NOTE: I've put the steps here first for convenience. For those wanting
more info, read beyond for the how's and why's. I originally wrote this
with the description first and the steps at the very end. I don't know
now how this will read.
========================================================================
1. Create the slot in the Milling(46) layer. It is best to draw this
with the longest edges straight, and the shortest edges radiused to a
size larger than your board house's smallest end-mill or drill. Think oval.
2. Add an SMD pad to either the Top(1) or Bottom(16) layer.
3. Draw a polygon of the same shape as the SMD pad, and place it on the
opposite layer.
4. When you CAM-up your .brd file add an extra section, call it MILLING,
set the extension of the output to something unused like .mll, select
the Milling(46) layer and process the entire job with this new section.
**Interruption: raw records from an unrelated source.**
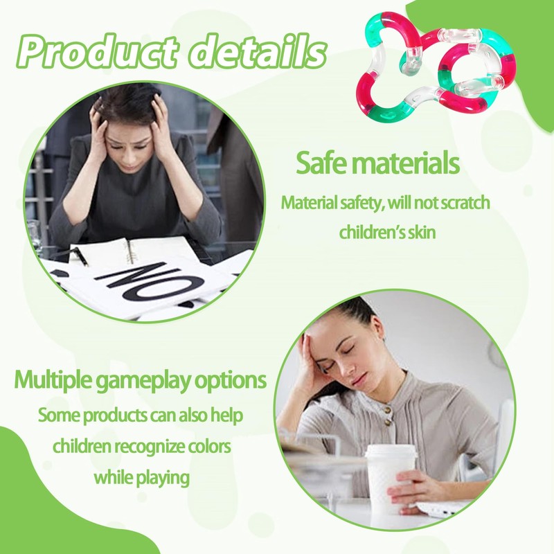 • Diese Tangle Fidget Toys werden mit einer speziellen Technik hergestellt, die es ermöglicht, dass die einzelnen Segmente flexibel und einfach zu bewegen sind. Ihre äußere Gestaltung ist vielfältig und ansprechend, mit bunten Farben und unterschiedlichen Formen. Die knotenartigen Strukturen und die kleinen, beweglichen Teile machen sie nicht nur attraktiv, sondern auch spannend für das Spielen.
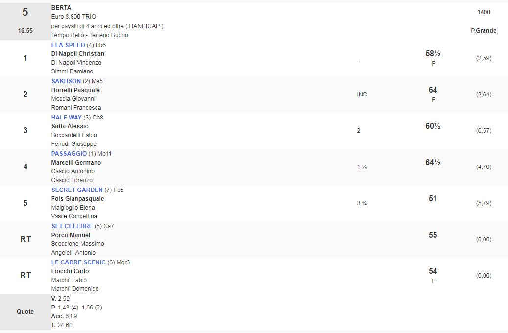 Ippica, Napoli: Oggi 05/01 Risultati 5^ e 6^ Corsa Vincono Ela Speed e Beautiful Fast 5^ Corsa Premio Berta vinta da Ela Speed 6^ Corsa Premio Don Bartolo vinta da Beautiful Fast Condividi sul web: Fai clic per condividere su Facebook (Si apre in una nuova finestra) Facebook Fai clic per condividere su WhatsApp (Si apre in una nuova finestra) WhatsApp Fai clic per condividere su Telegram (Si apre in una nuova finestra) Telegram Fai clic per condividere su X (Si apre in una nuova finestra) X Fai clic qui per stampare (Si apre in una nuova finestra) Stampa Fai clic per inviare un link a un amico via e-mail (Si apre in una nuova finestra) E-mail Mi piace Caricamento... Correlati
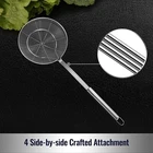 HEAT RESISTANT & DURABLE: This solid strainer is made of premium food grade 18/8 stainless steel which is heat-resistant and sturdy, won’t be deformed even after long-term-use, meanwhile, the material are much safer and more durable than plastic or other materials in the market. DIMENSIONS: The whole length is 15.5 inches, diameter of the the bowl is 5.4 inches and depth is 1.6 inches, with the proportioned slots you can quickly scoop out a large amount of food within a short time, which is perfect for French fries, doughnuts, boiled eggs, hotpot, seafood, chicken soup,or wash fruits. ERGONOMIC LONG HANDLE: The long handle protects you from oil splashing and burning when cooking at high temperatures. 4 side-by-side crafted attachment between the handle is stronger than normal handle, but lighter than solid handles. DOUBLE COIL DESIN: The unique design enhances the bearing capacity of the strainer. It is faster than a fine mesh strainer, retains the temperature but leaving little oil or water, No more need to endure high temperature, improving efficiency by quick and massive frying and cooking. EASY TO USE, STORE & DISHWASHER SAFE: This utensil is a nonstick perforated frying tool, so don’t worry about the sticking and residue. A hanging hole at the end for hanging on the hook making it convenient to store and use, so that your kitchen is no longer cluttered. Overall It is also dishwasher safe.v
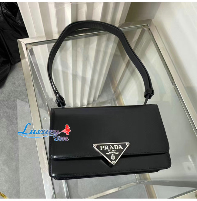 [스페셜오더]PRAD*-1BD321 프라다 블랙 엠블럼 브러시드 가죽 숄더 백
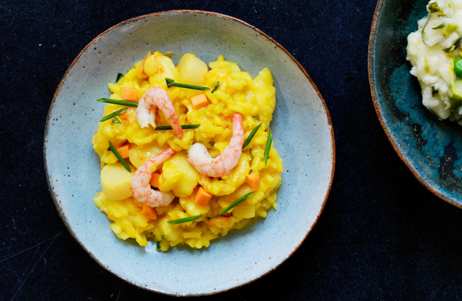Skalldyrsrisotto med safran passer til et eget måltid for én person eller som tilbehør til fisk for 2-3 personer.

5. Tell your board house that the .mll file has information on milling
that needs to be done before metallization.
========================================================================
I am posting this to describe a viable procedure for creating slotted
pads. Slotted pads are often used on current sense devices because they
have leads of a high aspect ratio (one side is much greater in length
than another) which would require a very large diameter circular pad to
accommodate. This over-sized pad would require LOTS of solder and heat
to properly mount since these are typically higher-current devices and
therefore have great heat-sinking capabilities, not to mention the board
itself will likely be a great sink as well because it will most likely
be of a higher weight of copper. These holes also unnecessarily waste
valuable board real estate.
The solution I propose is better, cleaner, and only has the drawback of
putting in the extra effort in both library construction for these types
of devices, and board CAM processing for any boards containing these
device types.
I have searched and read every post on both the User and Support forum
relating to "slots" and this also seems to be inline with what most have
said, although no other post describes anything as thoroughly, or as well.
First, please understand how EAGLE, the CAM processor, and the Board
House all play into turning what you see on your screen into what is in
your hands at the end of the process:
EAGLE draws things in layers only to distinguish different aspects of a
board for itself. A pad and all your wire on the top layer will end up
on the same layer at the board house. A layer in EAGLE, a physical
layer on your board, and processing layers at the board house are three
entirely different concepts, however intertwined. I will discuss no
further. ALWAYS keep this in mind.
Some have said that the dimension layer is useless, and that is a false.
Any layer can be used to do anything you want. It's how you process
your layers, and how you instruct your board house to use your output
files that determines what the board will turn out like.
If you separate the dimension and milling layers and process them
properly then you can use the to make the difference between plated and
non-plated slots. Simply tell your board house that anything in the
output file created by the Dimension(20) layer is to be used AFTER
metalization, and anything in the output file created by the Milling(46)
layer is to be used BEFORE metalization.
Without further ado, to have a board created with Plated Slot hole for
high aspect ration pins follow these simple instructions:
1. Create the slot in the Milling(46) layer. This slot can be drawn as
a rectangle or by air wires. Do NOT use a polygon. Draw it exactly how
you want the slot cut-out, but keep in mind the board house will more
than likely use an end-mill to route this slot. End mills are ROUND,
you CAN NOT have a 90-degrees edge. You can draw it this way, but I
guarantee your board house will call you and ask if you want the edge of
the radius to match the edge of the rectangle or if you want the center
of the end-mill to go the edge of the rectangle. It would be best to
just go ahead and make shorter edge a radius (the longer edge should be
straight), but make sure it's radius is at least as large are their
smallest end-mill or drill size.
2. Add an SMD pad to either the Top(1) or Bottom(16) layer.
3. Draw a polygon of the same shape as the SMD pad, and place it on the
opposite layer.
4. When you CAM-up your .brd file add an extra section, call it MILLING,
set the extension of the output to something unused like .mll, select
the Milling(46) layer and process the entire job with this new section.
5. Tell your board house that the .mll file has information on milling
that needs to be done before metallization.
-jh